普段は事務仕事ばかりの支部長でさえ、いち戦闘員として出撃しているくらいだ。
「なんにせよ、今日は帰ることだな。理由がほしければ、あのハムスターを持ち帰るという理由をやるが?」
「ハムスター……? ミュウ、治ったんか?」
「ああ、彼は病魔から解放された。それどころか肉体の寿命すらもな」
「……つかぬことを聞くんやが、ミュウに何したんや?」
「見たければ見るといい」
「どれどれ……いいっ!?」
ドクターが指差したハムスターケージの中を見て、思わず顔が引きつる内宮。
その中にいたのは、スヤスヤと眠る青いハムスター……の形をしたロボットだった。
「まどっち……あんさんまさか」
「死にゆく肉体から脳を摘出し、電脳化して新しいボディに搭載しただけだが?」
「だけだがって……まぁ、あんさんに任せた時点でマトモに治るわけ無いやろとは思うとったけど」
「まあそう褒めるな。それに、電脳化する過程で面白いこともわかったしな」
「おもろいこと?」
首をかしげる内宮に、ドクターはタブレット端末の画面を見せる。
そこには無数の数字・アルファベットの羅列がびっしりと描かれていた。
それが何を意味しているのかは全く読み取れない。
しかし、背景が赤く染まっている部分がやたら広い範囲に存在していることにだけは勘付いた。
「これは……」
「電脳化の際にバイナリ化……機械語に直した脳の構造だ。赤い部分はその中の記憶部分であり、構造上アクセス不能になっていた部分だ」
「つまり、どゆことや?」
「あのハムスターは、かなり膨大な記憶を人為的に封じられていた。わかりやすく言えば、脳は記憶しているが思い出せなくさせられていたんだ」
わかりやすく、と言われても内宮にはピンとこなかった。
ただひとつわかったのは、ミュウは脳に細工を施されていたということ。
更に込み入った話を聞こうと思ったところで、内宮の携帯電話が震え始めた。
「まどっち、スマンな。
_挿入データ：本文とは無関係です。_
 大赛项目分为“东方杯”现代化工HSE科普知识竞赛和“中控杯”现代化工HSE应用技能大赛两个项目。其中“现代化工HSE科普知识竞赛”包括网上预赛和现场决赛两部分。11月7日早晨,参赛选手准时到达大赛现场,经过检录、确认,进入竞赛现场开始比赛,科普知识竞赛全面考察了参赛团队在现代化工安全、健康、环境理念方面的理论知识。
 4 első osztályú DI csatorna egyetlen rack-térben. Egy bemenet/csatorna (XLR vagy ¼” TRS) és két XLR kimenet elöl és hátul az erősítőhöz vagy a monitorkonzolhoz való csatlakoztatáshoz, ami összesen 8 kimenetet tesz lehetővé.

もしもし、内宮やけど……チナミはん?」
『内宮さん、華世さんが目を覚ましたみたいですよ』
「ホンマか!?」
少しだけぼんやりとしていた思考が、パッと覚醒する。
何の話をしようか、ミュウのことを相談しようかと考えたところで、ウィルが行方不明になったことを伝えなければいけないということを思い出す。
作戦中行方不明《MIA》とは、それ即ち死亡を意味する。
回収した少女が乗っていた機体、その戦闘記録からウィルがクロノス・フィールドを解除した状態で戦っていた。
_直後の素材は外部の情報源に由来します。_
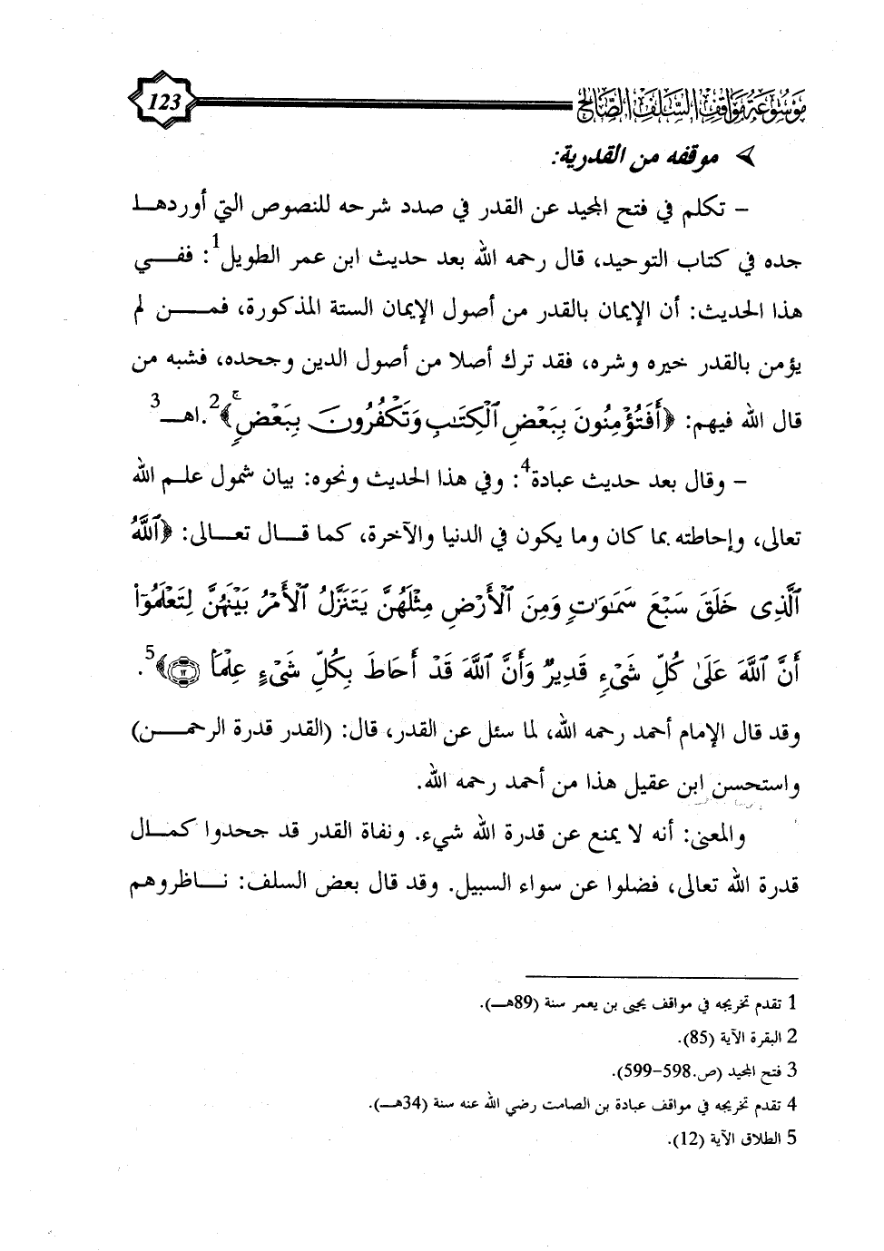 - تكلم في فتح المجيد عن القدر في صدد شرحه للنصوص التي أوردها جده في كتاب التوحيد، قال رحمه الله بعد حديث ابن عمر الطويل (¬1): ففي هذا الحديث: أن الإيمان بالقدر من أصول الإيمان الستة المذكورة، فمن لم يؤمن بالقدر خيره وشره، فقد ترك أصلا من أصول الدين وجحده، فشبه من قال الله فيهم: {أَفَتُؤْمِنُونَ بِبَعْضِ الْكِتَابِ وَتَكْفُرُونَ بِبَعْضٍ} (¬2).اهـ (¬3)

そして、そのまま施設の爆発に巻き込まれたことが判明したのが、ウィルの捜索を諦める決定打だった。
家族をひとり失ったに等しい悲しみを、華世に伝えなければいけない。
そう意気消沈している内宮に、チナミは思いも寄らない言葉を伝える。
『それが、あの……目を覚ました華世さんの様子がおかしくて』
「様子が?」
『とにかく、会ってみてください! 病室の場所、わかりますよね……?』
通話の切れた携帯電話を握りながら、しばし固まる内宮。
そんな彼女へと、ドクターが「君には話してなかったな」と不穏な言葉を切り出した。
「なんや、まどっち……人が悪いで?」
「落ち着いて聞いてくれ、回収された華世の肉体はな──」
ドクターが放つ一つ一つの言葉に、内宮は神経を研ぎ澄ます。
そして、放たれた言葉に頭が真っ白になった。